[Math] Examples of strictly convex normed spaces that are not uniformly convex

approximation-theorynormed-spaces

I am studying approximation theory, just to learn basically, and in different books I saw a theorem about uniqueness of best approximation. One book uses strict, the other uses uniform convexity with the same result and proof steps. And I know that uniform convexity implies strict convexity.

So obviously if theorem works for strictly convex then it works for uniformly convex. And I tried to find some examples of such spaces, but I could not find one that is strictly convex (but not uniformly) normed linear space.

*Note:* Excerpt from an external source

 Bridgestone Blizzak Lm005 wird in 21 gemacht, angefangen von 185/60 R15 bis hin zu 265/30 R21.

Any examples you can give is appreciated.

Best Answer

It's not surprising that you could not find an example. "Naturally occurring" normed spaces fall into one of two categories:

  1. Very nice: uniformly convex and uniformly smooth
  2. Not nice at all: not strictly convex, not smooth (not reflexive, etc).

However, one can artificially construct a norm that is strictly convex without being uniformly convex. Here is one: on $\ell^1$, the space of absolutely summable sequences, let $$\|x\| = \sum_{n=1}^\infty |x_n| + \sqrt{\sum_{n=1}^\infty |x_n|^2}\tag1$$ The second sum makes the space strictly convex, since it's the Hilbert space norm. However, the first sum dominates and determines the topology of the space. Indeed, we have $$\sum_{n=1}^\infty |x_n|\le \|x\| \le 2\sum_{n=1}^\infty |x_n| $$ So, the new norm is equivalent to the original norm of $\ell^1$. Consequently, it is not uniformly convex: uniform convexity implies reflexivity, and $\ell^1$ is not reflexive. (The property of being reflexive is preserved when a norm is replaced by an equivalent one.)

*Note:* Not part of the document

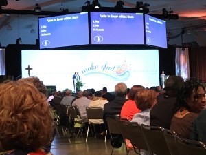 Synod worship was worship of a couple of thousand people, with huge screens throughout the large convention hall. And, that’s not all. The order of worship was not found on printed paper materials. Instead, it was available online or on the Synod “app.”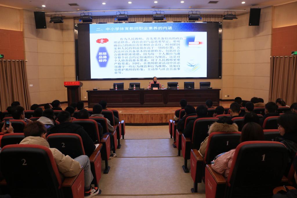 202011221900,永利集团304官网副教授覃雪芹在莲湖校区学术报告A厅作了关于《中小学体育教师的职业素养养成》的学术讲座。体育公司党总支书记王兆忠、经理佘涛、党总支副书记彭波、教学科研办主任李进文、科研秘书黄亮及永利集团304官网师生三百余人参加了此次讲座。讲座由副经理孙亮亮主持。

Here is a direct way of seeing that (1) is not a uniformly convex norm. Let $x_n=1$ for $n\le N$ and $=0$ otherwise. Let $y_n=1$ for $N<n\le 2N$ and $=0$ otherwise. Then $\|x\|=\|y\|=N+\sqrt{N}$ and $\|x-y\| \ge 2N$ while $$\left\|\frac{x+y}{2}\right\| \ge N $$ Dividing both vectors by $N+\sqrt{N}$, we see uniform convexity failing.


By the way: while strict convexity is enough for uniqueness of best approximation, it may not be enough for existence. Uniform convexity gives both uniqueness and existence (if the space is complete).